Objective: To review the current information on trends, burden, differentials, causes, and timing of under five (U5) child deaths in India. Methods:We reviewed and analyzed data on child deaths in India from official government sources, reports, surveys, and from the published literature. The secondary analyses were carried out to provide additional insight. Results: An estimated 1.84 million under 5 child deaths, including approx 1.44 million infant and 940,000 neonatal deaths occurred in India during 2007. More than 60% of these Under 5 child deaths occurred in 5 states: Uttar Pradesh (27.0%), Bihar (11.3%), Madhya Pradesh (9.9%), Rajasthan (8.0%) and Andhra Pradesh (5.7%). Approximately 41% of all Under 5 child deaths happen in the first week of life and the risk of deaths during neonatal period was at least 68 times higher than the rest of childhood. The children living in rural areas, in the central Indian states, in the lowest 20% of wealth index have the highest risk of death in India.

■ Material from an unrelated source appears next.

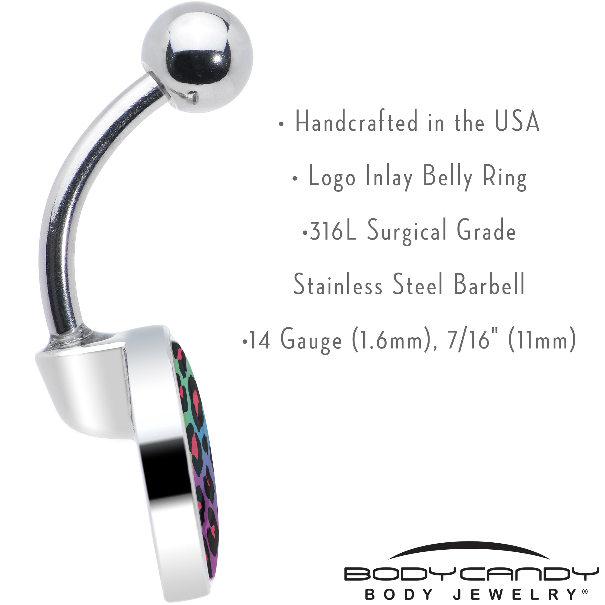 Get a little wild with this colorful 14 gauge cheetah print belly button ring. This cheetah animal print belly ring is made with a 7/16 inch hypoallergenic 316L surgical grade stainless steel curved barbell with a 5mm top ball end. The bottom charm features a vibrant rainbow color to showcase your wildly colorful side. This hypoallergenic 316L surgical grade stainless steel belly ring body jewelry is perfect for anyone with sensitive skin. This eye-catching piece showcases a unique artist-drawn logo insert that will have you ready to roar.

The mortality rates in under 5, infant, neonates and early neonatal period in India declined by 43.5%, 31.2%, 32.1%, and 21.6%, respectively, between 1990 to 2007. However, the rate of reduction has slowed in last 4 years (2003-2007), with negative trend in the early neonatal mortality rate. Neonatal conditions (33%), pneumonia (22%) and diarrhea (14%) are the leading causes of under 5 deaths in India. Sepsis, pneumonia (30.4%), birth asphyxia (19.5%), and pre-maturity (16.8%) are the 3 commonest causes of neonatal deaths (0-27 days). Conclusions: The reduction in under 5 child mortality in India during 1990-2007 has been insufficient to attain Millennium Development Goal 4 (MDG4). However, there have been variable declines in early neonatal, neonatal, infant and child mortality. Despite the well known importance of neonatal survival to attain MDG4, our data suggest the early neonatal mortality rate in India may be increasing in the recent years, which is a cause for serious concern. Achievement of MDG4 in India will require further acceleration in the reduction of the under 5 mortality rate, particularly, in the 5 highest burden states: Uttar Pradesh, Bihar, Madhya Pradesh, Rajasthan and Andhra Pradesh.